South Carolina wide receiver Kenny McKinley steps into the end zone for his second touchdown in last year's Liberty Bowl win.
South Carolina wide receiver Kenny McKinley steps into the end zone for his second touchdown in last year's Liberty Bowl win.

COLUMBIA -- Of course he'll never be Sidney Rice. Not many people can be.

But Kenny McKinley's still pretty good, and he doesn't mind the constant questions -- "Can you replace Sidney?"

"I'm not trying to replace Sidney because me and him are two different types of receiver, but I know I can fit into that main role," South Carolina's junior receiver insisted. "Last year I played a role as the No. 2 receiver, so it's going to be nice to see how I do stepping into the No. 1 role."

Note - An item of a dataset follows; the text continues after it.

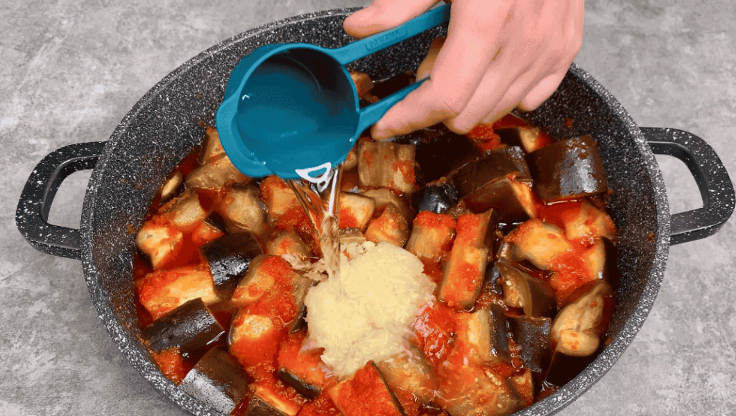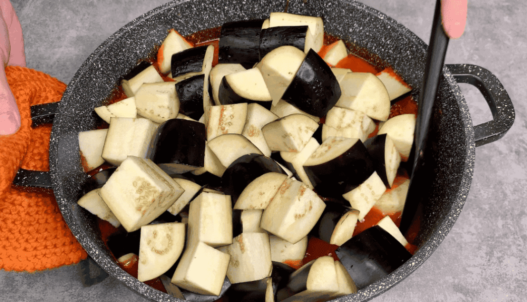 3. Додаємо нарізані великим кубиком баклажани.

Rice re-wrote the Gamecocks' record books during his career and was always the guy making the one-handed leaping catches in the end zone. McKinley, meanwhile, was doing the grunt work, going over the middle for a 5-yard slant, getting laid out by an enemy linebacker and popping right back up.

"I just try to take a lickin' and keep on tickin,'" he joked.

It was a perfect tandem -- the 6-foot-4, elegant Rice skying for 1,090 yards and 10 touchdowns while the dogged McKinley hauled in 880 yards and five scores. But after Rice caught a touchdown in the Liberty Bowl and decided two weeks later to try the NFL, the focus shifted to McKinley.

Everybody had the same message -- "You have to be the one, and you have to do it now."

McKinley replied, "No problem."

As the most experienced receiver of a group dripping potential, McKinley has also become the point-to leader. Freddie Brown has been with McKinley since they came in together three years ago, but Brown redshirted his first year, leaving McKinley as the main adviser to the Gamecocks' crop of youthful pass-catchers.

"Kenny, he's the man," said sophomore Moe Brown. "He's the proven guy right now. We kind of look to him."

"A lot of people, far as Moe Brown and Kenny McKinley, been helping me out a lot," said rookie phenom Chris Culliver, the team's fastest player and someone who's expected to contribute right away. "I talk to them a heck of a lot about running and catching the ball."

McKinley tries to balance it all while trying to improve. After catching two touchdowns in the Liberty Bowl, he ventured into coach Steve Spurrier's doghouse when he celebrated by hurling the ball into the stands. Spurrier was displeased by the showboating and mentioned it in his postgame press conference, saying McKinley "threw his game ball away."

But he was quickly back on Spurrier's good side. The head ball coach said he was counting on McKinley to be this year's Rice, the leader a young receiving group needs.

"Kenny McKinley's the old man of the group," Spurrier said. "Shoot, we may let him play quarterback too."

Spurrier's last comment referred to a trick play at Kentucky last year when McKinley, a former high school quarterback, took a reverse and threw a 22-yard touchdown to Syvelle Newton. McKinley clammed up when asked if there were any more passing plays for him this year, but mentioned he was ready for whatever he was asked to do.

"It's going to fly under (the radar) when you play with Sidney Rice, now," he said. "But I didn't mind because I came in that season just being the guy who could be the No. 2 receiver, someone who could take the pressure off Sidney. And that was my role.

"Now that Sidney's gone, I got a new role, and that's to step up as the man and help the team."